Physical characteristics
- Source: Beringen (Limburg)
- • location: Beringen, Belgium
- • elevation: 57.5m
- Mouth: Demer (river)
- • location: Scherpenheuvel-Zichem, Belgium
- • coordinates: 51°5′15.06″N 5°15′51.28″E﻿ / ﻿51.0875167°N 5.2642444°E
- • elevation: 17 m (56 ft)
- Length: 35 km (22 mi)
- Basin size: 85,44 km²
- • maximum: 0,896 m³/s

= Winter brook (Beringen) =

Winter brook in Belgium

The Winter brook (Dutch: Winterbeek) is the mainstream in a network of partially excavated stream beds in Belgium in the Southern Campine region. The Winter brook originates in Beverlo (a district of Beringen), and, after a course of 32 km, it flows into the Demer River in Scherpenheuvel-Zichem. Along this course, the stream changes names multiple times.

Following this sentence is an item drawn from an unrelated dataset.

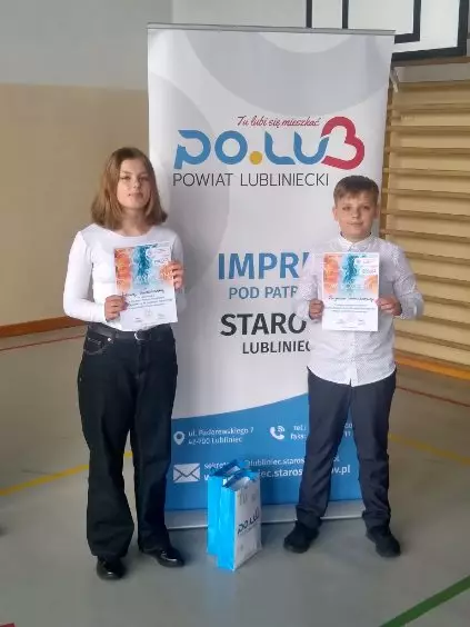W dniu 24 kwietnia, w Szkole Podstawowej im. Jana Pawła II w Psarach, uczniowie naszej szkoły odebrali dyplomy oraz nagrody. Odnieśli sukces w Powiatowym Konkursie Fotograficznym pt. „Dzieło człowieka na tle otaczającej nas przyrody”. Podczas uroczystej akademii z okazji Dnia Ziemi nagrodę za zdobycie I miejsca odebrała Tosia z klasy 6. Wyróżnienie trafiło do rąk Zbyszka z klasy 4.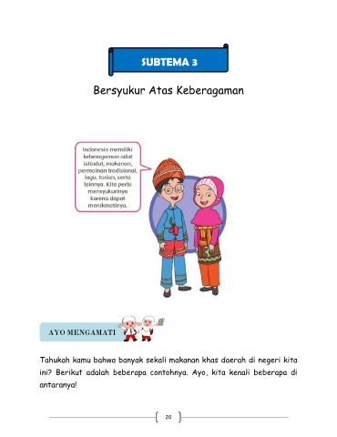 SUBTEMA 3 Bersyukur Atas Keberagaman AYO MENGAMATI Tahukah kamu bahwa banyak sekali makanan khas daerah di negeri kita ini? Berikut adalah beberapa contohnya. Ayo, kita kenali beberapa di antaranya! 20

It is a tributary of the Demer River. The basin spans over 85 km^{2}, and the stream is over 32 kilometers long. The Winter brook flows through the natural area Vallei van de Drie Beken south of the village Deurne. The source area is on the Campine region, at 57.5 m elevation. The confluence with the Demer River is at 17 m elevation.

It should not be confused with the Winter brook in Beverst or the slightly more southerly flowing Winter brook in Koersel and Beringen Center, which flows into the Zwarte Beek to the west of Beringen.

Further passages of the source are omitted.